As Tennessee vaccination rates increased, counties with the lowest vaccination rates exhibited the highest COVID-19 case growth (Supplemental Figure 2A). Initially, vaccination rates were not correlated with COVID-19 risk, but by mid-March, a statistically significant correlation with low risk of COVID-19 case growth emerged (Supplemental Figure 2B).
Discussion
Efforts to curtail the health and economic impact of the SARS-CoV-2 pandemic illuminate the need to define specific risk factors that catalyze future case growth, worsen health disparities, and adversely impact the public health response across US communities. Addressing these challenges, we constructed a real-time predictive framework to discover and rank county-level SDOH risk factors that drive machine learning predictions of future COVID-19 case growth (Figure 1).

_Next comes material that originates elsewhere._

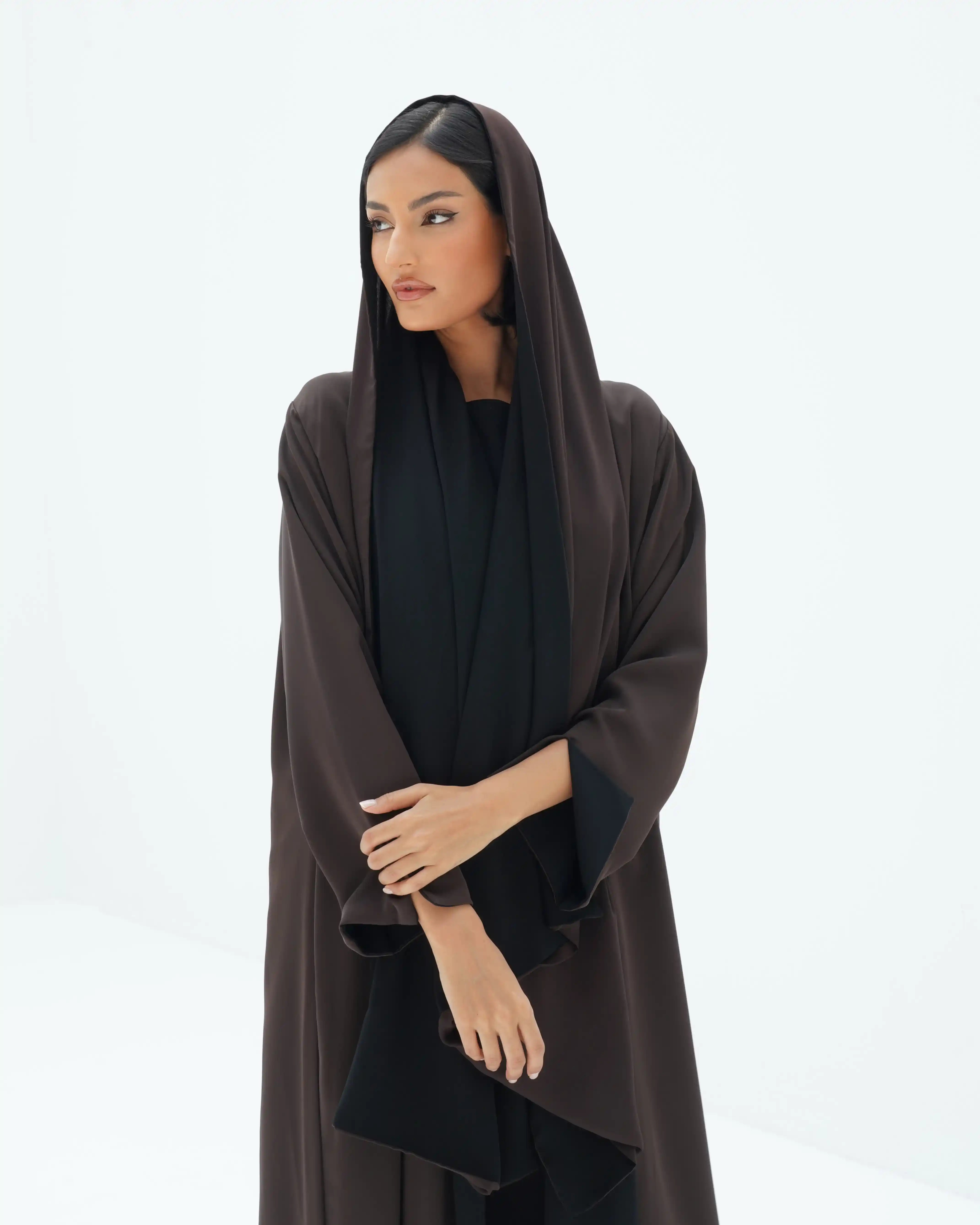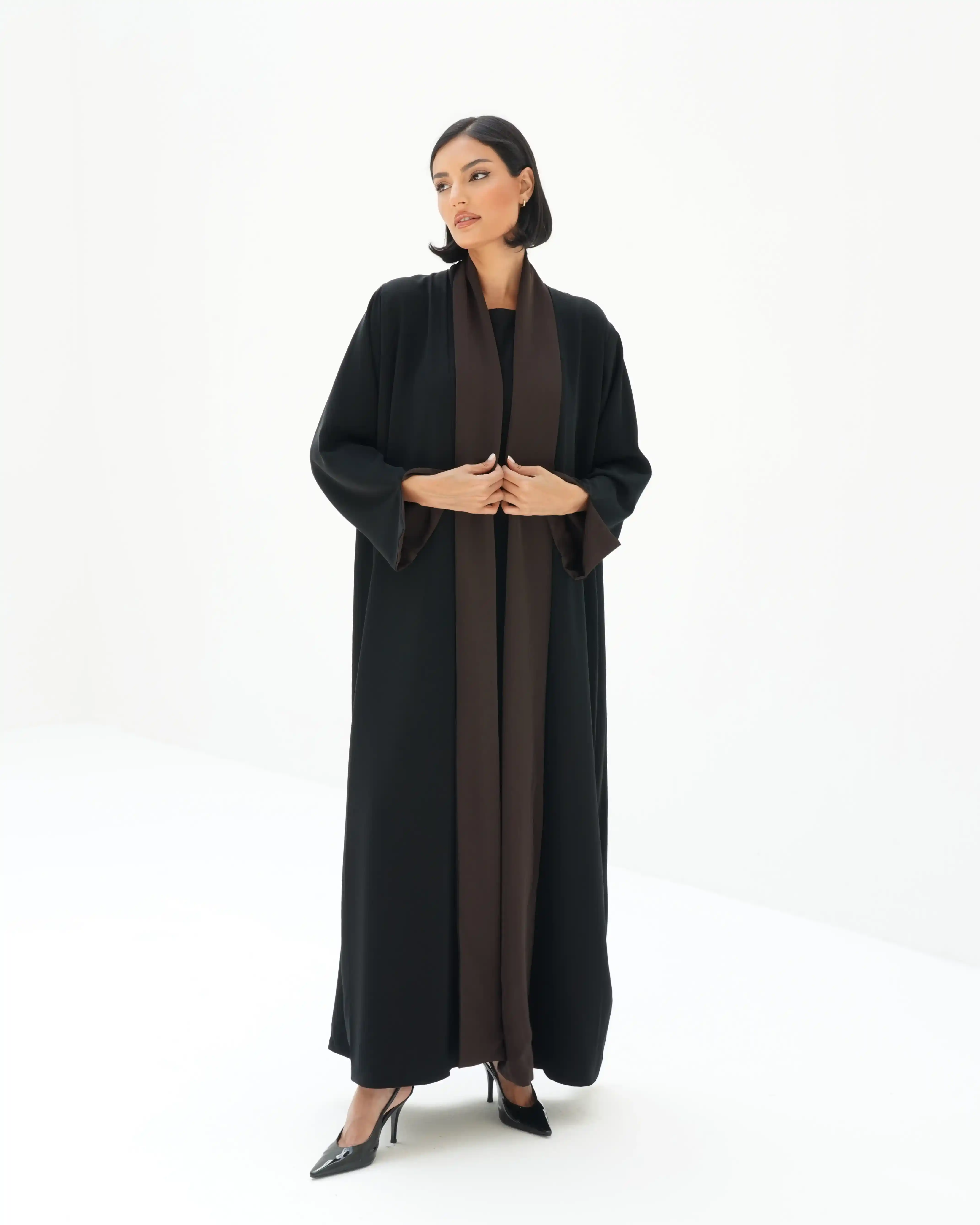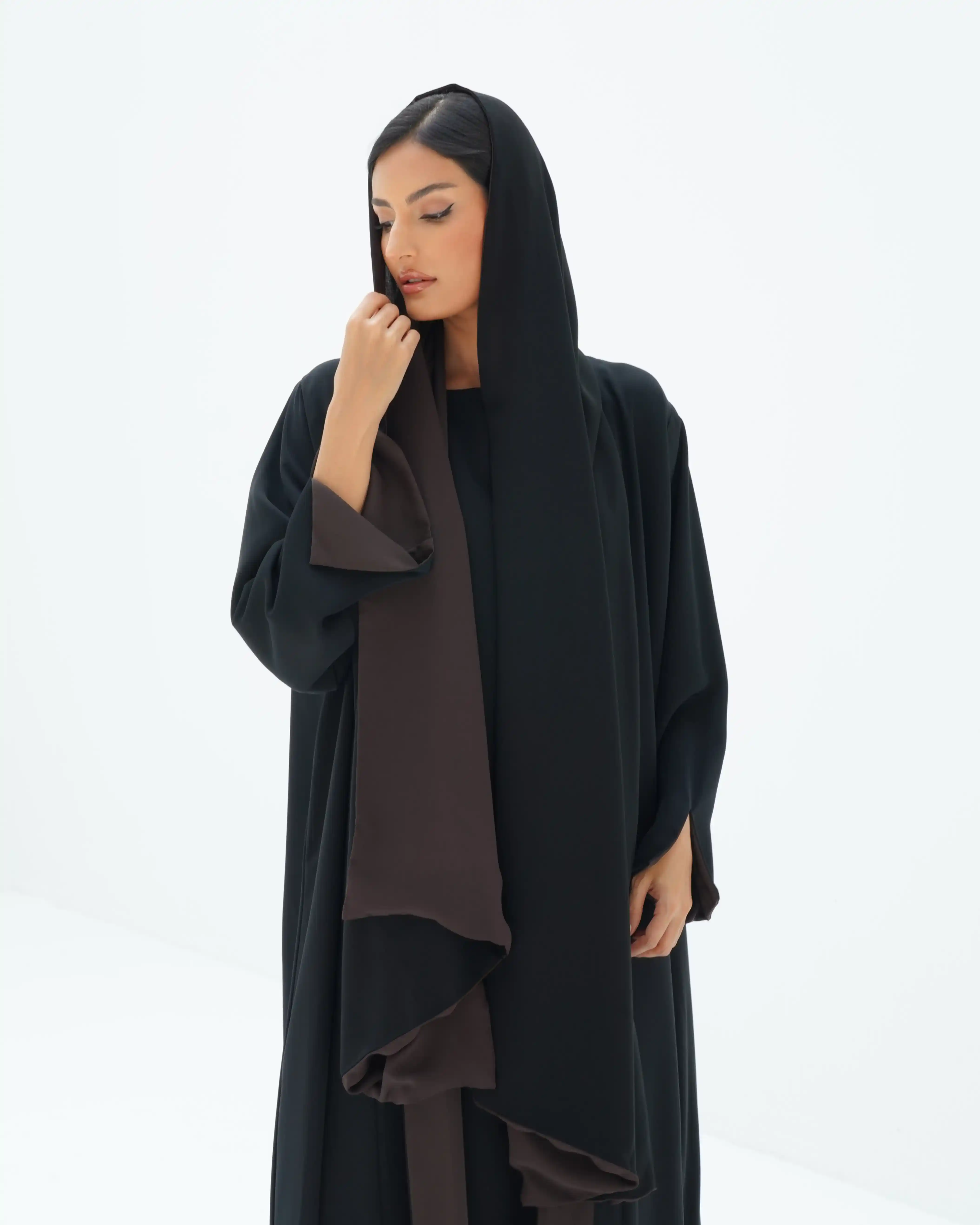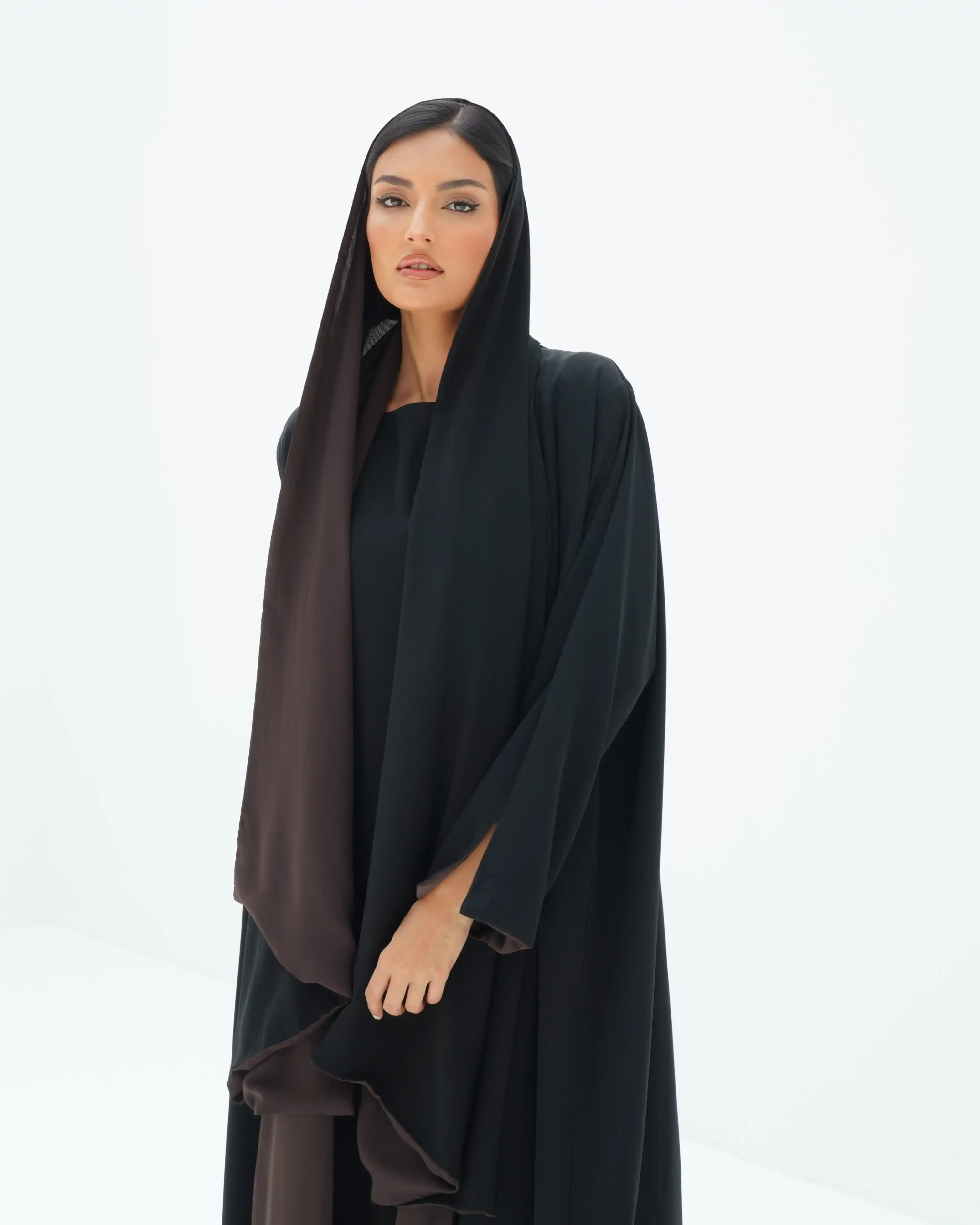 • عباية دبل فيس وجهين وجه باللون الاسود ووجه باللون شوكولاته.

In Tennessee, we found that communities with rapid vaccine rollout were at lower risk for case growth (Supplemental Figure 2). As vaccination levels began to rise, demographic SDOH features such as age, race and ethnicity declined in relative importance while socioeconomic and environmental risk factors such as poverty, access to transportation and healthcare infrastructure increased significantly. Measures promoting health equity rely on constant assessment of risk mitigation effectiveness. Real-time knowledge of community specific SDOH risk factors empowers healthcare organizations and local governments to improve policy and resource allocation to mitigate outbreaks and enhance resilience to future public health threats.
Data Availability
The data that support the findings of this study are available from the corresponding author upon reasonable request.
Conflict of interest statement
Authors Wylezinski, Gray and Spurlock are shareholders in IQuity Labs, Inc. (Nashville, TN) and Decode Health, Inc. (Nashville, TN). IQuity Labs develops blood-based tools using RNA to aid in the diagnosis and treatment of human disease. Decode Health develops artificial intelligence approaches to predict chronic and infectious disease risk in patient populations.
Acknowledgements
This work was supported by Decode Health, Inc., IQuity Labs, Inc., and grants from the National Institutes of Health (AI124766, AI129147 and AI145505). Dr. Spurlock had full access to all of the data in the study and takes responsibility for the integrity of the data and the accuracy of the data analysis. Dr. Spurlock devised the concept and study design. All authors took part in acquisition, analysis and interpretation of the data along with drafting and revising the manuscript.